The far right has profited from mass bewilderment and anger produced by the reactionary role of the pseudo-left. Meloni denounces the “left” and immigrants, while tailoring her rhetoric—boasting of support for Ukraine and endlessly proclaiming that she is a woman—to the pro-war, petty-bourgeois identity politics of the affluent middle class. She uses this far-right exploitation of mass anger with the PD and the pseudo-left to give a false, populist veneer to her championing of the agenda of the European ruling class.

Meloni’s election does not portend mass popular support for her far-right government, however, but the emergence of explosive conflict between the working class and European capitalism, with revolutionary implications. The fascistic evolution of the ruling elite has not reconciled workers and youth with the despised legacy of Mussolini and Hitler.

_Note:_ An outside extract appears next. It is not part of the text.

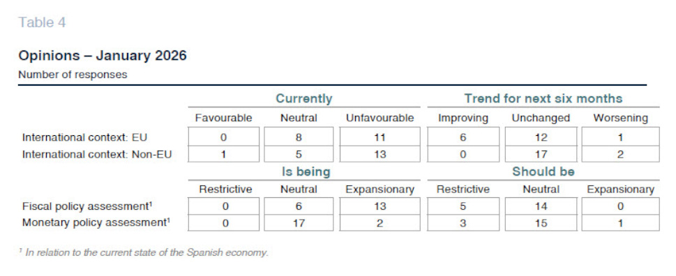 Domestic demand is expected to contribute 2.5 points of that growth (up 0.2pp from the November survey), while the foreign sector is expected to detract 0.3 points. The slowdown by comparison with 2025 stems from investment (especially investment in machinery and equipment) and, to a lesser degree, household consumption. Although public consumption is forecast to continue to drag on growth, it is expected to do so by less than in 2025 (Table 1).

Instead, there is across Europe and internationally a growing wave of strikes and protests against inflation and the danger of nuclear war. The fight against inflation, fueled by NATO’s cut-off of energy imports as it wages war with Russia, as well by EU bank bailouts and the shock caused by the COVID-19 pandemic, is bringing workers into conflict with the policies of the entire ruling elite. The fact that this agenda is now implemented in Italy by the political heirs of Mussolini is exposing its essentially fascistic character.

After a half-century of economic globalization, there is no basis for left politics but the international unification and mobilization of the working class on a revolutionary, socialist line. This requires the building of rank-and-file committees as independent organizations of struggle of the working class, and sections of the ICFI in Italy and internationally as the Marxist-Trotskyist alternative to the bankruptcy of the pseudo-left, leading the struggle for socialism.